The university has moved one step closer to quantum computing becoming a reality, using machine learning to predict the demise of a quantum bit, thus extending its useful life.
Written by Asha Barbaschow, Contributor

Scientists at the University of Sydney have developed a machine learning technique to predict the demise of quantum computing systems in a bid to keep quantum bits (qubits) from breaking.

According to the university, a significant obstacle in building reliable quantum technologies has been the randomisation of quantum systems by their environments -- known as decoherence -- which effectively destroys the useful quantum character.

Professor Biercuk from the University of Sydney's School of Physics and a chief investigator at the Australian Research Council's Centre of Excellence for Engineered Quantum Systems, said his group had demonstrated it was possible to suppress decoherence in a preventive manner, with the team developing a technique that uses machine learning to predict how the system would disintegrate.

"Much the way the individual components in mobile phones will eventually fail, so too do quantum systems," Biercuk said. "But in quantum technology the lifetime is generally measured in fractions of a second, rather than years."

Biercuk likened the quantum advancement to returning a serve in a game of tennis, noting that a player predicts where the ball will end up based on observations of the airborne ball. He said it is often known where the ball will land as the rules that govern how the ball will move, such as gravity, are regular and known, but if the rules randomly changed while the ball was in the air, it would be next to impossible to predict the future behaviour of that ball.

"And yet this situation is exactly what we had to deal with because the disintegration of quantum systems is random. Moreover, in the quantum realm observation erases quantumness, so our team needed to be able to guess how and when the system would randomly break," Biercuk said.

"We effectively needed to swing at the randomly moving tennis ball while blindfolded."

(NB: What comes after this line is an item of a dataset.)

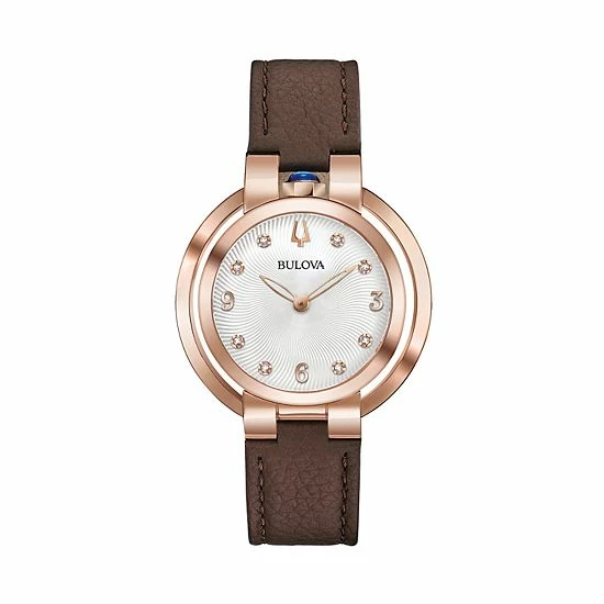 From its iconic dye struck “Lady Ganga” dimensional case back to its diamond-accented guilloche dial, this women’s watch from Bulova’s exclusive Rubaiyat collection is simply stunning.

The university said the team's predictions were remarkably accurate, allowing them to use guesses pre-emptively to compensate for the anticipated changes. It also said that doing this in real time allowed the team to prevent the disintegration of the quantum character, and extended the useful lifetime of the qubits.

The university was awarded a slice of a multimillion dollar research grant from the United States Office of the Director of National Intelligence to advance its research in quantum computing last May.

At the time, it was said the undisclosed funding chunk would be injected into the Quantum Control Laboratory, which is led out of the university's AU$150 million Sydney Nanoscience Hub.

A team of researchers out of the University of New South Wales (UNSW), led by professor Michelle Simmons, is currently racing to build the world's first quantum computer in silicon.

Well on their way to achieving their goal, UNSW's engineers already unlocked the key to enabling quantum computer coding in silicon, announcing in late 2015 the team had the capability to write and manipulate a quantum version of computer code using two qubits in a silicon microchip.

According to UNSW, in achieving this breakthrough the team has removed lingering doubts that such operations can be made reliably enough to allow powerful quantum computers to become a reality.

The breakthrough followed on from an announcement made a month prior when another team of engineers from the university built a quantum logic gate in silicon, which made calculations between two qubits of information possible.

Engineers at UNSW then announced recently they had created a new qubit which remains in a stable superposition for 10 times longer than previously achieved, expanding the time during which calculations could be performed in a future silicon quantum computer.

Physicists at the Australian National University successfully completed an experiment to stop light in September, a critical step in developing future quantum computers, and in December the University of Technology launched its new Centre for Quantum Software and Information, dedicated to the development of the software and information processing infrastructure required to run applications at quantum scale.